Civitavecchia – Uccide la madre a coltellate, si leva i vestiti sporchi di sangue e va in giardino a fumare una sigaretta. Poi chiama la polizia: “Venite, l’ho ammazzata”.
Matricidio intorno alle 19.30 di ieri a Civitavecchia. Un 30enne ha ucciso a coltellate la madre di 55 anni. Poi si è cambiato i vestiti sporchi di sangue ed è andato in giardino a fumare una sigaretta, attendendo l’arrivo della polizia che lui stesso aveva chiamato: “Venite, ho ucciso una persona”.

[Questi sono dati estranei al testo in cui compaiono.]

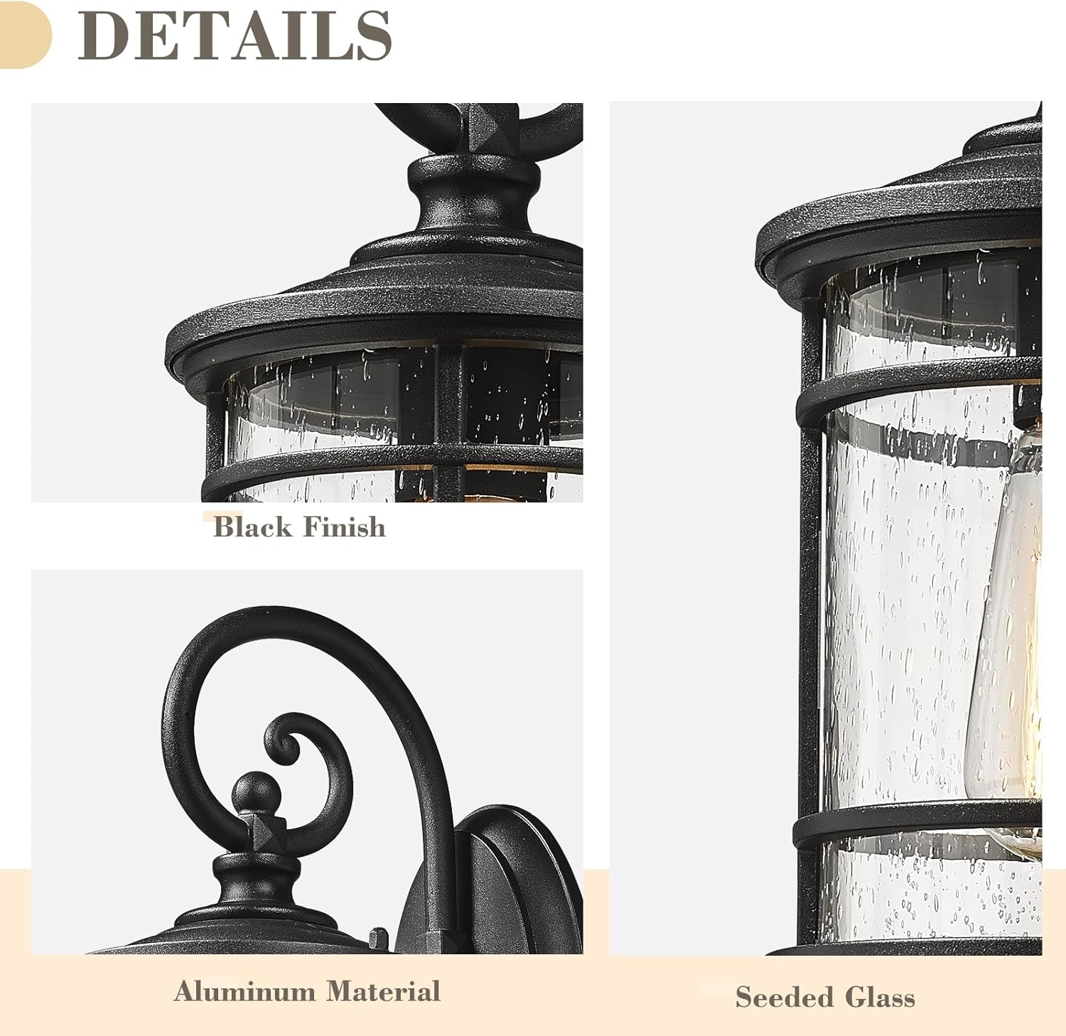 - Weather-resistant and suitable for wet locations, these 2 pack outdoor wall lights features sturdy aluminum construction and seeded glass shade in a black finish

Nel giardino della villetta bifamiliare della tragedia, seduto su un gradino, gli agenti del commissariato di Civitavecchia hanno trovato il 30enne che, con calma innaturale, ha invitato i poliziotti a guardare cosa c’era in casa. Nella taverna nel seminterrato il corpo della donna era in un lago di sangue. Numerosi i colpi di arma da taglio: vicino c’era un coltello da cucina di grosse dimensioni.
L’uomo avrebbe ucciso la madre al culmine di una lite. Il 30enne, con problemi psichiatrici, è stato arrestato e l’abitazione e l’arma del delitto sequestrate.